Essay
by Aizhan Yesbolatova
When we approached the village, I didn’t recognize the house. It felt strange because, in my memory, it stood there so vividly; yet, when the driver pulled over, I hesitated for a bit to open the gates.
I expected my grandmother to be outside, busily running across the front yard, but it was quiet and empty, and only a goat stood there chewing on the grass. I entered the house, and my aunt greeted me. I saw my grandmother sitting on the sofa in the living room, her body resembling that of a child. She was wearing gigantic wool socks, and her head was covered with a white scarf. She didn’t notice the noise my arrival had stirred. I went to my grandmother, hugged her and kissed her soft, drooping cheeks, then I said, “It’s me, Aizhan, don’t you recognize me?” She looked at me with her hollow eyes and said, “How have you been? I hope everything is fine.” I realized she had no idea who I was.
It had been nine years since I last saw my grandmother. Back in the summer of 2015, she began to show the first signs - a little too forgetful, a little too quiet, and a little too compulsive and erratic at times. But I was leaving for America, my parents were nervous, and I was anxious, and everybody was too busy with their own lives to pay closer attention to her.
Throughout the following years, when I called my mother and asked about her, she would shrug it off, saying, “She is forgetful, but you know, it is age; she is not getting younger.” I was building a new life in New York, trying to carve out a space for myself in my new marriage and the new city, while drowning in homesickness and loneliness. And while I missed my grandmother badly, I wasn’t in a full emotional capacity to worry about her enough and ring the alarm, while we could. But could we really?
My aunt prepared a dinner, a real feast - boiled meat with noodles, salads, pastries, fruits, and sweets scattered all over the table. “I told everyone you were coming today,” she said, and we waited for an hour, but nobody showed up. We sat at the enormous table - my aunt, her husband, and son, my grandmother, and I - and we began talking about our lives. “I wish you had brought your daughter,” my aunt said, but I couldn’t. The roads were still shattered, just the way they were shattered ten, twenty, thirty years ago. And while I didn’t mind travelling for hours on a bumpy road as a child, I knew my four-year-old daughter wouldn’t take it.
It was almost midnight when we finished dinner, and I helped my aunt clean the table. My uncle, my grandmother’s youngest son, said, “Your apa loves to walk at night. Don’t get scared if she comes to your room.” “And make sure you hide your socks. She loves picking them up and hiding them somewhere,” my aunt added. They laughed, and I laughed back, as if I had just heard something funny.

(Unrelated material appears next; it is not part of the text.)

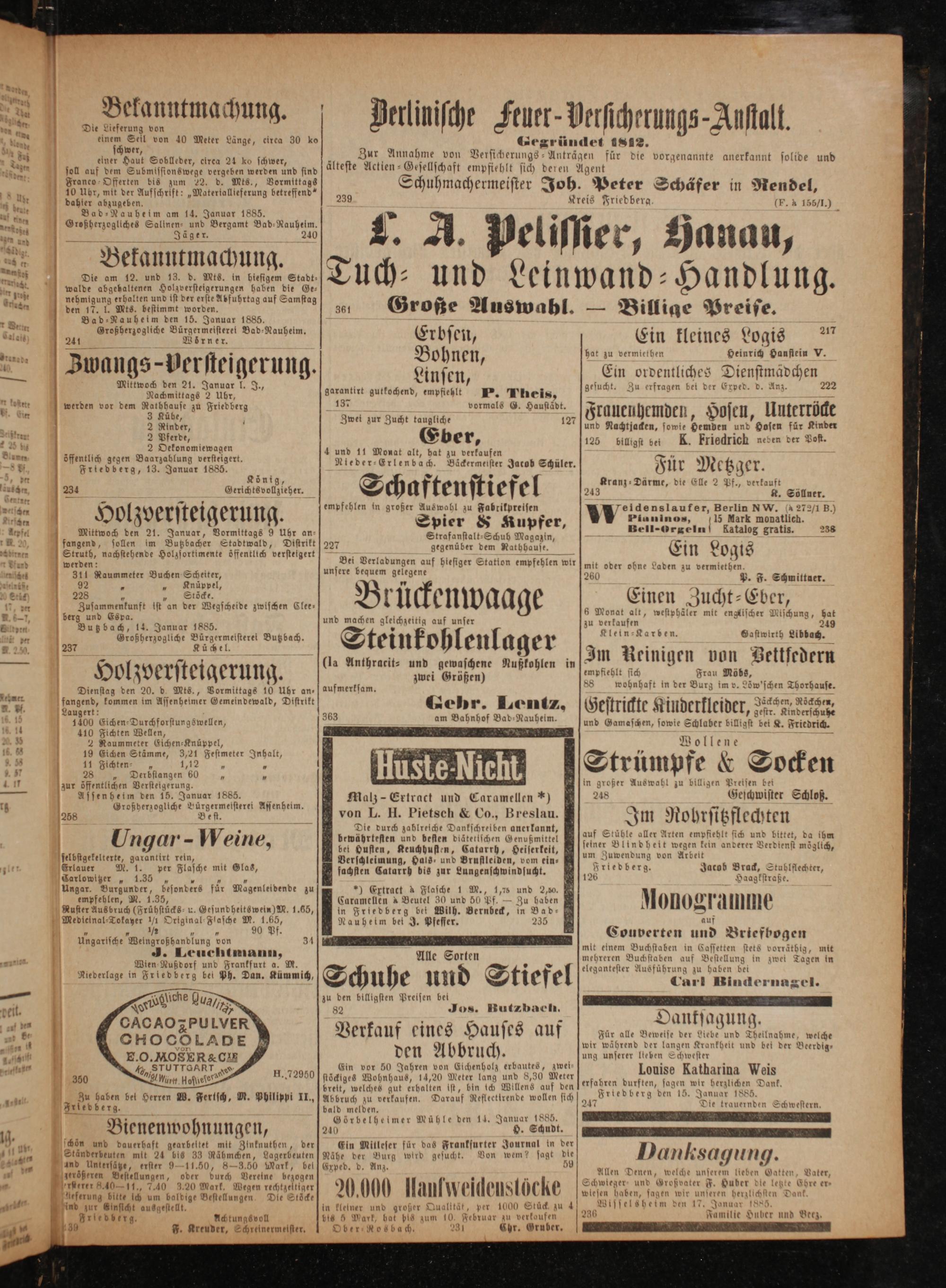 Louise Katharina Weis erfahren durften, sagen wir herzlichen Dank. Friedberg den 15. Januar 1885.

At night, I woke up startled. I saw something that I had only seen in horror movies: my grandmother lumbering around my bed, her long hair down, her eyes glistening in the moonlight. Stooped in her white gown, she looked like a witch. I got up and sighed, “Oh, apa, let me take you back to your bed.” I held her hand, and she didn’t hesitate. In the living room, she suddenly slumped into the sofa and closed her eyes. I covered her with a blanket and went back to my room. In my bed, I tried to make sense of everything I had witnessed that day. But my mind was blank. I felt nothing. In the morning, I couldn’t find my socks.
Every summer, my parents sent me to the village. My mother would pack my rucksack and take me to the station, where I boarded an old, battered Ikarus bus crowded with students heading back home, elderly men and women returning from the city, and exhausted moms with their crying babies. I didn’t mind the cloud of smell and noise that built up in that overcrowded bus. My excitement about the upcoming summer holidays in my favorite place in the world was bigger than all my senses.

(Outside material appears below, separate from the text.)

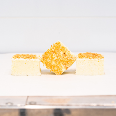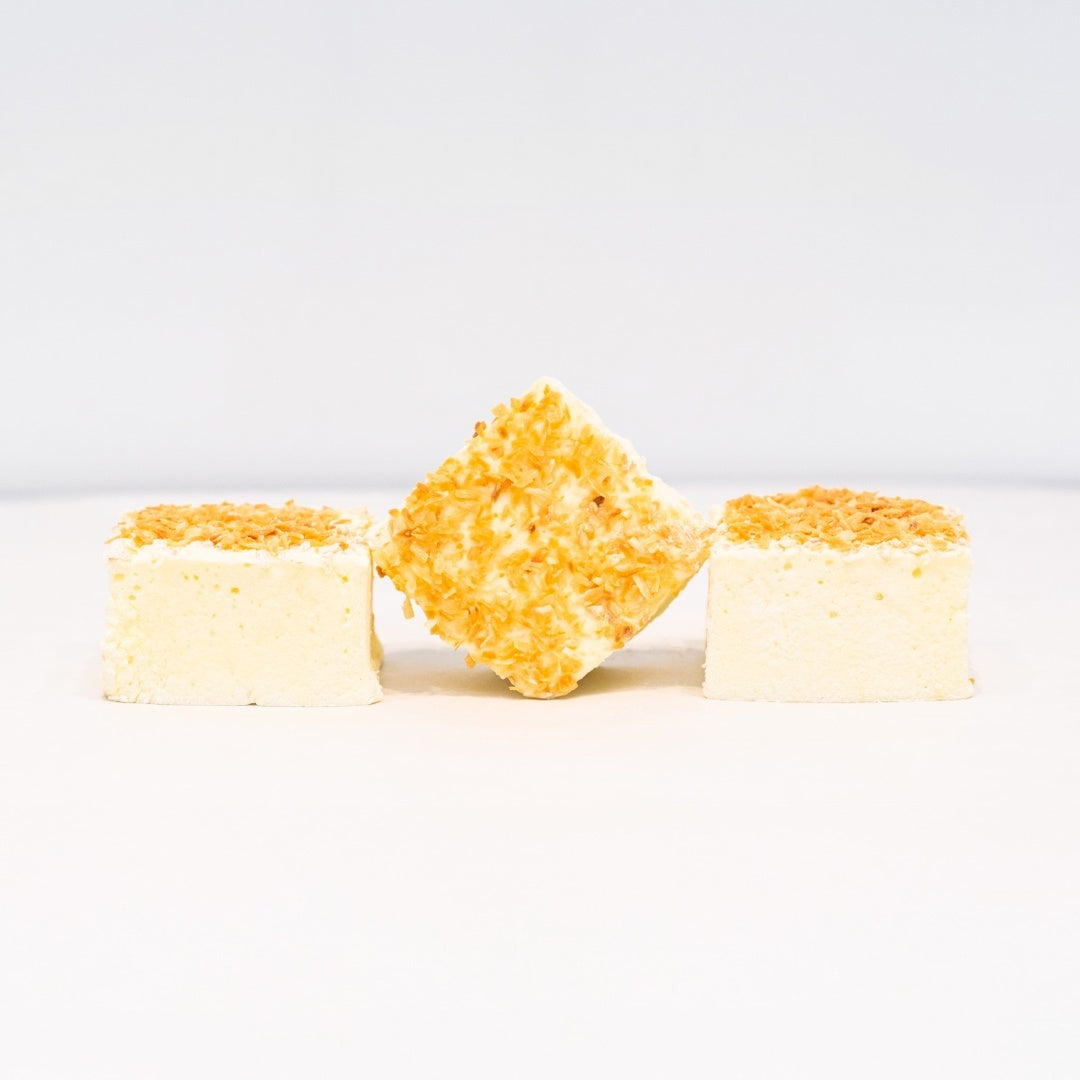 המרשמלו שלנו נוצר באהבה תוך שימוש בטכניקות קלאסיות, וכתוצאה מכך מתקבל מרקם דמוי ענן שמעביר אותך לבקתה על חוף הים בכל ביס. כל מרשמלו מציע הרמוניה מושלמת של אננס מתוק, קוקוס שמנת ולחש של טעם רום, יוצר תחושת טעם שהיא אקזוטית ומנחמת כאחד

It took all night to get there, as the roads were always broken. By five a.m., the driver would leave me on an empty road, refusing to make a detour to my village, as it was two and a half kilometers away from the main road. I would stand there all by myself, waiting for someone to pick me up. I loved those early mornings in the middle of the vast steppes, a little shivery, inhaling the bitter smell of sagebrush.

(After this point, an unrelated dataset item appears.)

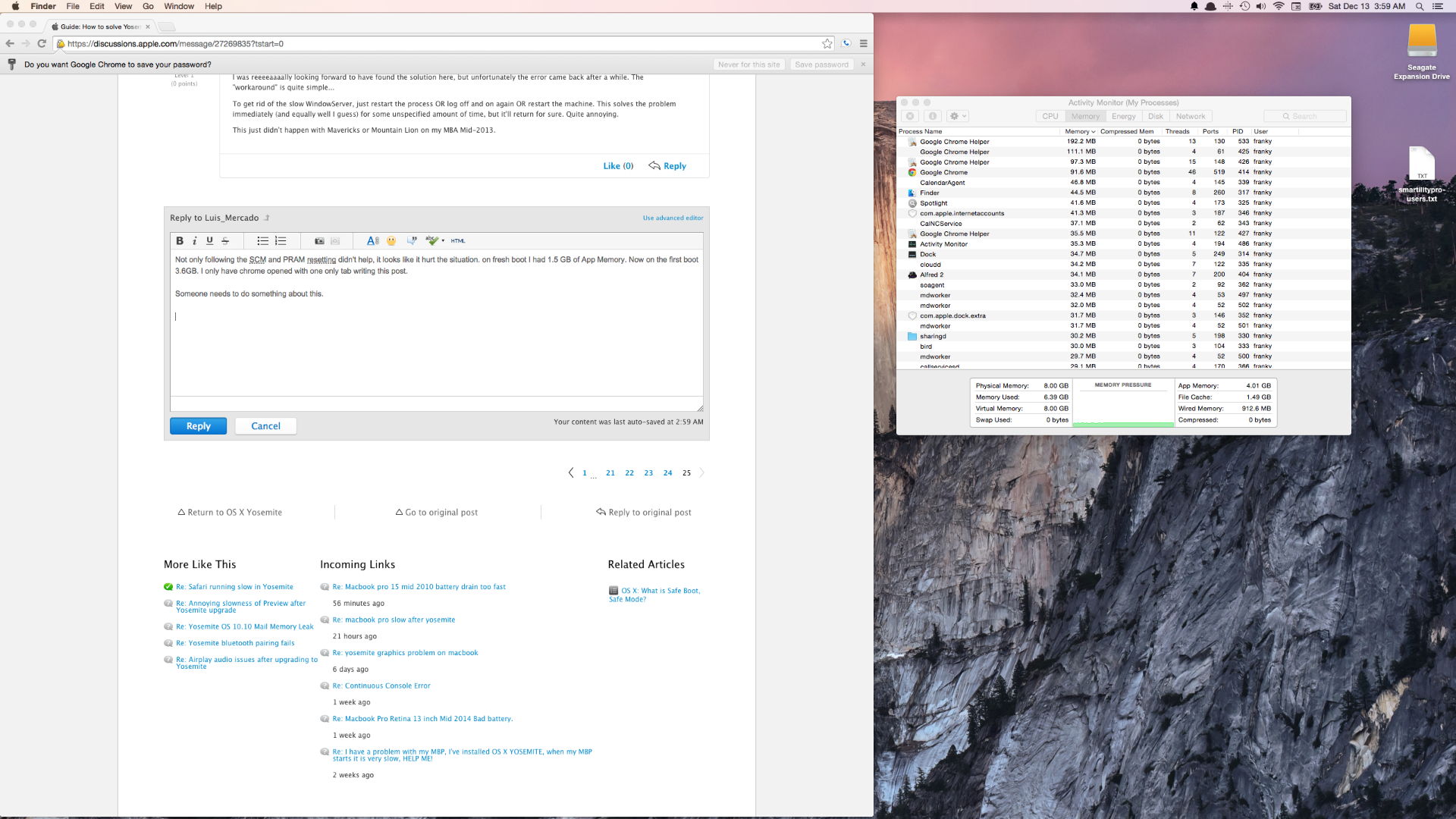 Macintosh HD: Disk size: 499.06 GB Disk used: 460.79 GB

And then I would see her from afar, a small body walking briskly towards me. It was my grandmother who refused to wait any longer for the men in our house to pick me up and left on foot to meet me. We would hug each other, and she would pick up my bag, and we’d walk back to the village. On our way, she would tell me the latest news of the village. “Our cow, Martha, calved two days ago. I named her Isabella…” She loved giving the names of her favorite actresses from Mexican soap operas. “The neighbor bought a car, and now that old peacock doesn’t say hi to us…” she would laugh. Listening to my grandma talking about those mundane things was soothing to my soul.
Once we entered the summer house, where everybody was drinking their morning tea, the family would exclaim, “Are you already here? We were just going to pick you up!” The same old story was told over and over. They never managed to pick me up on time.
The house was always filled with people. Her three married sons, their wives, their children, friends, neighbors, and some passerby - all gravitated to my grandmother’s house from morning till midnight. The tractor would stand in the middle of the front yard, kids with dirty faces and hands gnawing on a piece of bread, chickens and lambs getting in the way, music from an old radio - the house was full of life. And my grandmother was the beating heart of that house.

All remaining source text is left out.